His youngest is only one?
He needs to concentrate on working to support his kids and ensuring a relationship
With them all not a new girlfriend

Sorry OP I wouldn’t be considering even a ONS with that man

Takfujuimoto · 29/05/2018 00:05

No way, I wouldn't even consider going on a date in the first place tbh, but that's just me.

LunaTrap · 29/05/2018 00:05

I wouldn't be dating him. It just sounds like a chaotic and careless attitude to reproducing, particularly as his youngest is only 1 and he's already onto another woman.

BubblingUp · 29/05/2018 00:12

I would care and it would be a deal-breaker for me. That's a lot of custody schedules to juggle!

Ruddygreattiger2016 · 29/05/2018 00:14

'He keeps reminding me how hard it is to pay for nights out', even though you are paying your share?
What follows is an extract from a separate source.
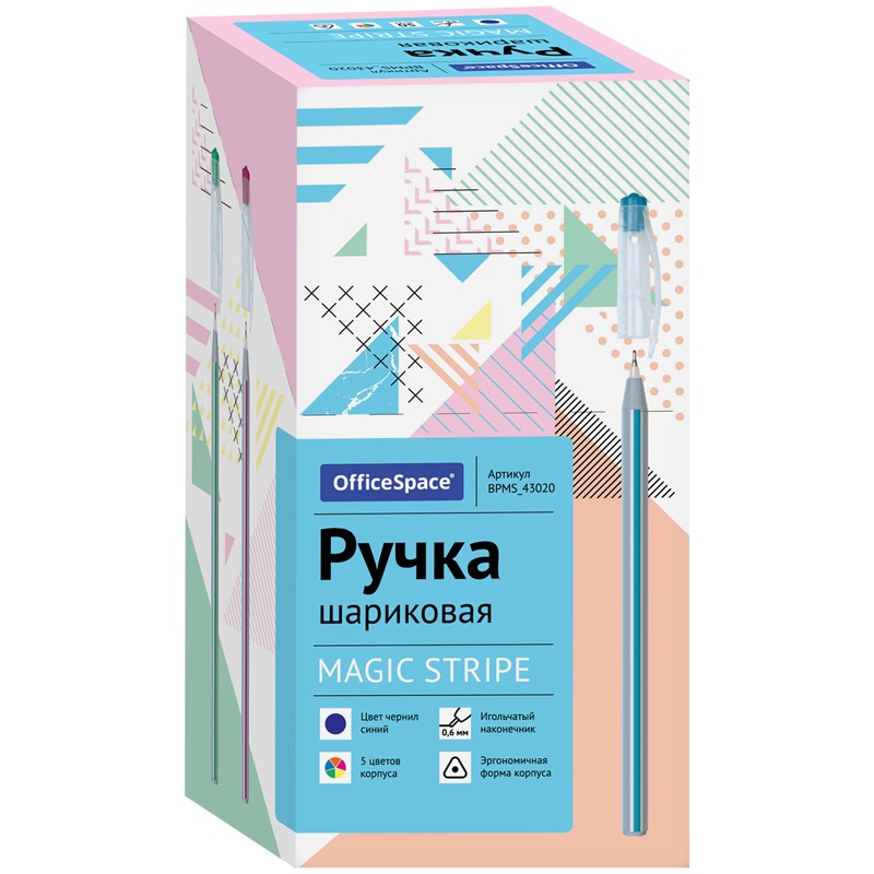 Ручка шариковая OfficeSpace Magic stripe, 0,6мм синяя

To me it sounds like it won't be too long before he is too skint to do anything unless you pick up the tab. 3 dates in and he is laying the 'skint' cards on the table hoping you will be nice and understanding and offer to pay for him, mark my words.
As for the multiple kids by multiple mothers I am surprised you went on a second date, although you did say he has all the patter and that probably exactly is what charmed the others into bed.
I did laugh at his 'celibate for 6 months'. With his track record it's highly unlikely.
He sounds like a ten a penny player to me.

NotTheFordType · 29/05/2018 00:15

How on earth is he managing contact time for all of them?

[waits for the inevitable "Their mums are bitches and won't let him see them]

You would be a fool to fall for it, OP.